Accordingly, one afternoon, just as the captain and Frank had finished a couple of bottles of stout by way of giving themselves an appetite for dinner, they were somewhat surprised when the parlour-door was thrown open, and in walked a short, podgy, red-faced man, dressed in deep black. Still more amazed were they when he announced himself as the Reverend Emanuel Flummery, and stated that he had come to remonstrate with them on their behaviour towards “a lone widow.” The captain, winking at Curtis, desired the minister to be seated, and proposed to discuss the business over another bottle of stout. His reverence thought there was something so affable in the offer, that it would be churlish to refuse it; and he accordingly gave his assent. The stout was produced; and Mr. Flummery, being thirsty and hot, enjoyed it excessively.

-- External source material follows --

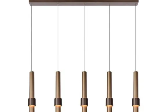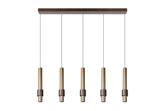 Hanglamp Margary van het merk Lucide brengt een luxueuze eyecatcher binnen in je interieur. Ze past perfect boven de eettafel van een hedendaags interieur, maar het uitgekiende materialenpallet en de kleurkeuzes blenden evengoed in een eerder landelijke stijl. De aluminium bevestigingsplaat vormt de basis voor de 5 slanke pendels. Aan elk van hen hangt een licht conische aluminium cilinder met daarin de lichtpunten verwerkt. In het meervoud, inderdaad. Want naast een downlighter helemaal onderin de cilinder plooit een tweede geïntegreerde ledlamp zich rond de elegante koker. Op zijn beurt omringd door een tweede cilinder. Het uitgekiende design van deze vormen en hun verhouding creëren een mysterieuze gloed. Het resultaat is een instant eyecatcher met sterallures.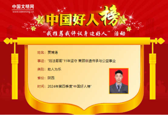 贾博涛,一名在公益道路上,坚守了11年的青年非遗传承人,他创新开展惠民演出,倾心帮扶困难儿童,被资助的孩童亲切地称为“戏法哥哥”,心系家乡发展,展现了新时代青年人的责任与担当。

He then began a long remonstrance with the two gentlemen—the gist of which was that Mrs. Rudd would be very much obliged to them if they would pay their rent and remove to other lodgings. The captain and Frank pretended to listen with attention; and the reverend minister, finding them in such a tractable humour, as he supposed, did not choose to mar the harmony of the interview by declining a second bottle of stout. Talking had renewed his thirst—and, moreover, if there were one special beverage which the Reverend Emanuel Flummery loved more than another, it was Guinness’s stout. Accordingly, he emptied his tumbler, and then continued his remonstrance and his representations, in which, however he was cut short by a sudden pain in the stomach—doubtless produced by the effervescent malt liquor. The captain was prompt with a remedy; and Mr. Flummery had swallowed a good dram of whiskey before an eye could twinkle thrice. Thus cheered, and finding the two gentlemen most docile and respectful, his reverence consented to partake of a hot glass of toddy with them, just to convince them that he was inclined to be friendly;—and this one glass led to a second—and then Frank Curtis cunningly brewed him a third, while the reverend minister was expatiating upon the good qualities of Mrs. Rudd. In fine, Mr. Emanuel Flummery became so much disguised in liquor, that, when he took his leave, he swore the captain and Frank Curtis were two excellent gentlemen—begged them not to put themselves to any inconvenience in moving—and assured them that he would make it all right with the landlady.